“Slight concussion and bruised ribs,” Sam said.
“Take me to him.”
She understood the sentiment. She just wasn’t sure Wade was going to appreciate it.
Chapter 23
Sports do not build character. They reveal it.
—Heywood Hale Broun
Once Wade was released from the hospital, Gage drove him back to the Heat’s facilities. Wade moved slowly and carefully into the clubhouse, greeted by his agent and trainers. He heard Gage give a quick statement to the press, and wondered why Sam hadn’t done it. He told himself it didn’t matter that she hadn’t waited to see if he was okay.
Didn’t matter at all.
She had Tag to worry about, and . . . and hell, he’d been alone for most of his life, he didn’t need anyone to hold his hand just because he hurt like a mother. At his locker, he picked up his things including his phone and noticed the twelve missed calls.
“Hey.”
Wade very carefully turned around, wincing at the movement in both his ribs and head, and found Pace sitting in one of the leather chairs, sprawled out comfortably. But after four years of being together, Wade knew that the lazy pose was deceptive. “Hey yourself.”
“Word is you’re going to live.”
“Apparently so.”
Pace pushed to his feet and came closer, looking him over carefully.
“I’m not circling the drain,” Wade said. “At least not yet.”
“Well, that’s a relief.
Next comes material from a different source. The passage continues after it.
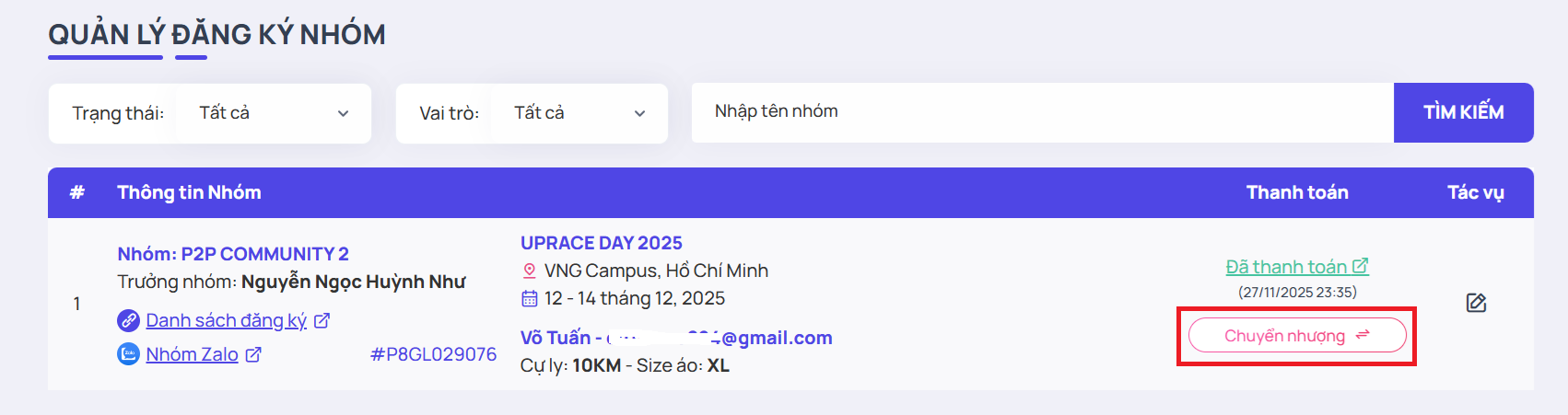Bước 2: Chọn vai trò "Thành viên" -> chọn đăng ký mà bạn cần chuyển nhượng -> nhấn "Chuyển nhượng"

Come on, I’ll take you home.”
“Gage has a car out front for me.”
“I have a car, too.” Pace grabbed Wade’s duffel bag and slung it over his shoulder, adding it to his own bag. He opened the front doors of the facility for Wade and waited for him to go out first.
“You know something I don’t?” Wade asked him, bemused.
Pace tossed their two bags in the back of his car. “You scared the shit out of me.”
“Aw, that’s sweet.”
Pace didn’t look amused. “I don’t want to pitch to anyone but you, Wade.”
“Is this going to end in a marriage proposal, cuz I’m not sure Holly—”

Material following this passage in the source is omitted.